Figure 5 compares the predicted annual PV and AC power output with actual values, including environmental factors. This figure pertains to the DL algorithm, which demonstrated the best performance. The figure demonstrates a positive correlation between solar irradiation (W/m2) and PV power (W). As solar radiation increases, the PV power output also increases linearly, which is expected given that solar radiation is the primary driver of PV power generation. The predicted PV powers closely follow the actual values, indicating that the forecasting model accurately captures the relationship between solar radiation and PV power. The correlation is 99.7%, indicating high predictive accuracy.

Figure 4. Performance indices of the MLAs.

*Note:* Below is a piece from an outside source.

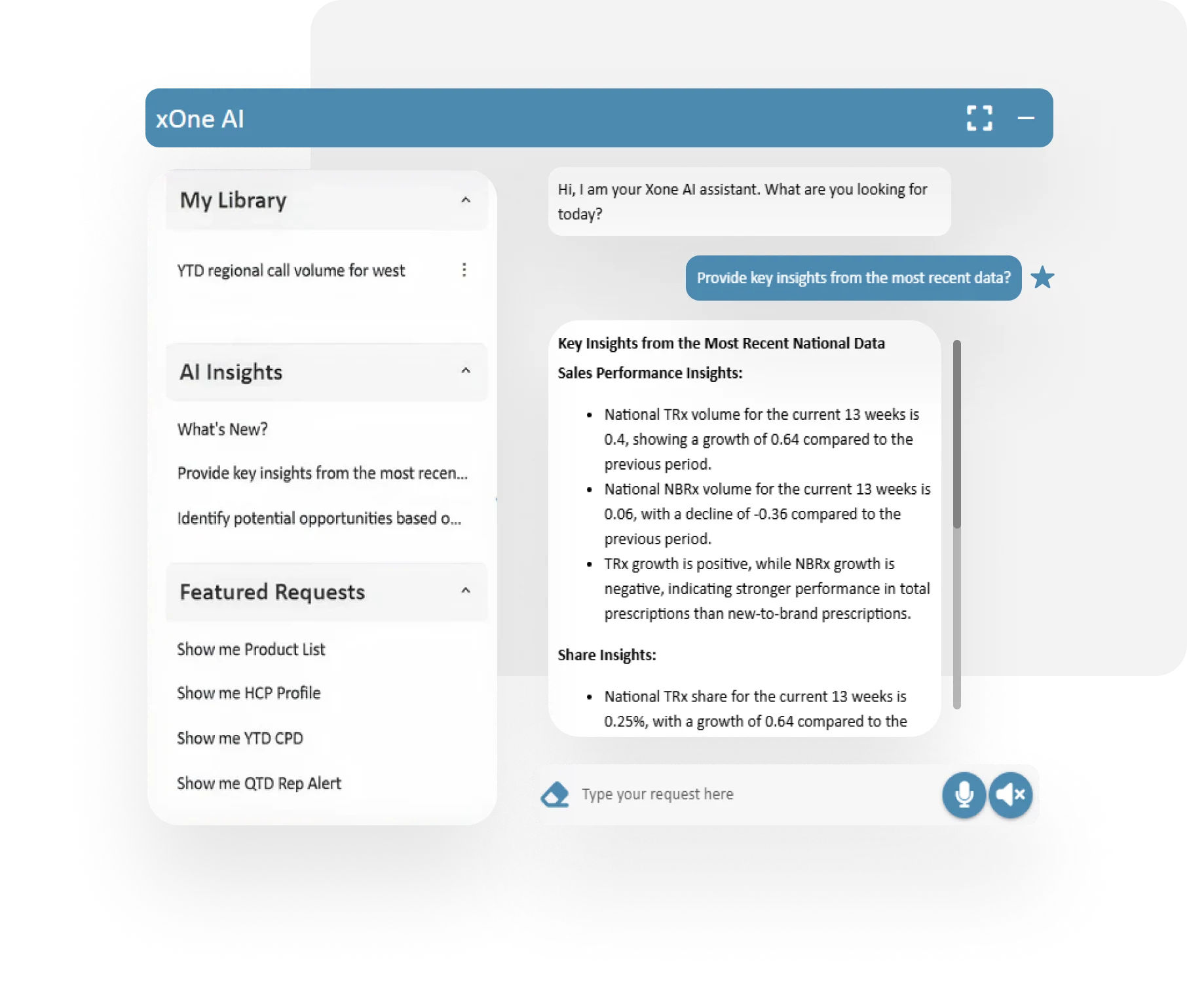 Finally, the days of painstakingly hunting through charts and menus to compile data are over. Only have 5 minutes before detailing a new HCP? Simply ask questions and find what you’re looking for in seconds.

Figure 5. Actual and predicted PV power based on DL algorithm vs solar irradiance and ambient temperature.

The relationship between ambient temperature (˚C) and PV power output is more complex than solar radiation. PV power increases with ambient temperature initially but declines beyond a certain point. This behavior reflects the combined effects of temperature on PV module efficiency (e.g. higher temperatures reducing efficiency). Predicted PV power values broadly follow the trend of actual values, but the scatter is more pronounced, particularly at higher temperatures. This increased scatter indicates that the model may not fully capture the non-linear effects of temperature on PV power output.

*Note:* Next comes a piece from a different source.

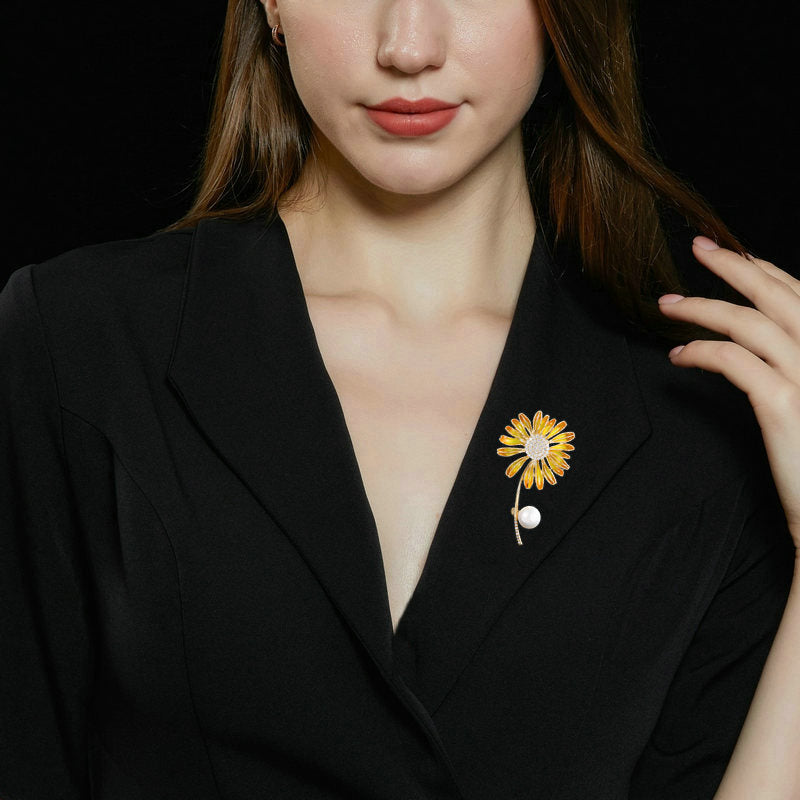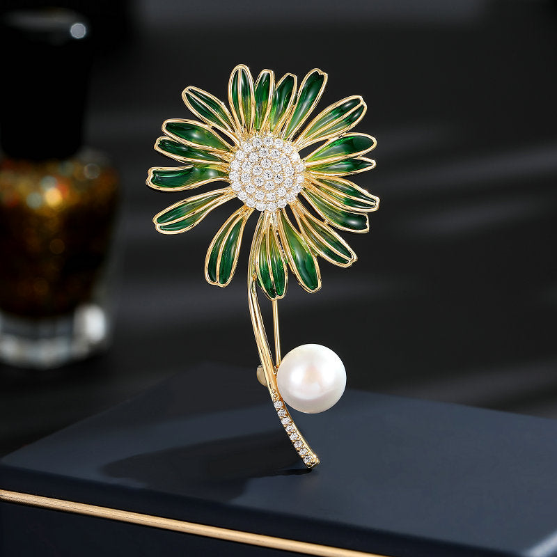 2025 Drip cardigan anti-light silk scarf buckle fixed clothes accessories high-end zircon pearl sunflower flower brooch

4.2. Weekly Forecasting Validation

This section examines the effectiveness of various MLAs (LR, NN, DL, and k-NN) for medium-term forecasting. The model utilizes validation data from a week during January. Figure 6 illustrates the meteorological data for the chosen week. The solar irradiance follows a daily pattern, peaking during midday and decreasing to zero at night. The curve demonstrates consistent cyclic behavior across seven days during January 2024, indicating clear-sky conditions with minimal variability. Fluctuations within the peaks may correspond to transient weather events, such as clouds representing the winter climate in Cairo. Solar irradiance is the primary input for PV power generation, and this plot confirms the strong dependence on time and weather patterns. Two temperature profiles are shown: ambient temperature and cell temperature. Both follow a similar daily pattern (24-hour), rising during the day and decreasing at night. The cell temperature consistently exceeds the ambient temperature, with a more pronounced peak during midday. The ambient temperature curve exhibits less variation compared to the cell temperature curve, suggesting that PV module heating is highly influenced by solar intensity. Wind speed values fluctuate significantly over time (Figure 5(c)), ranging from 0 to 6 m/s. The pattern does not show a clear periodic or regular trend; rather, it highlights irregular fluctuations typical of natural wind patterns.

Meanwhile, Figure 7 presents all models’ forecasted PV power outputs over a week, representing the medium-term forecasting timeframe. The prediction dataset utilized in this evaluation comprised 2016 data points at 5-minute intervals. All models show a nearly linear relationship between solar irradiance and PV power, aligning with photovoltaic systems’ fundamental physics. The data points predicted by all models closely follow the actual trend of PV power with solar irradiance, indicating good model performance. The clustering of points along the diagonal line suggests minimal deviation between predicted and actual power values, especially at higher irradiance levels.

Figure 6. Weather data for the selected week: (a) Solar irradiation; (b) Temperature (cell and ambient); (c) Wind speed.

Figure 7. PV power forecasting for a week of different MLAs.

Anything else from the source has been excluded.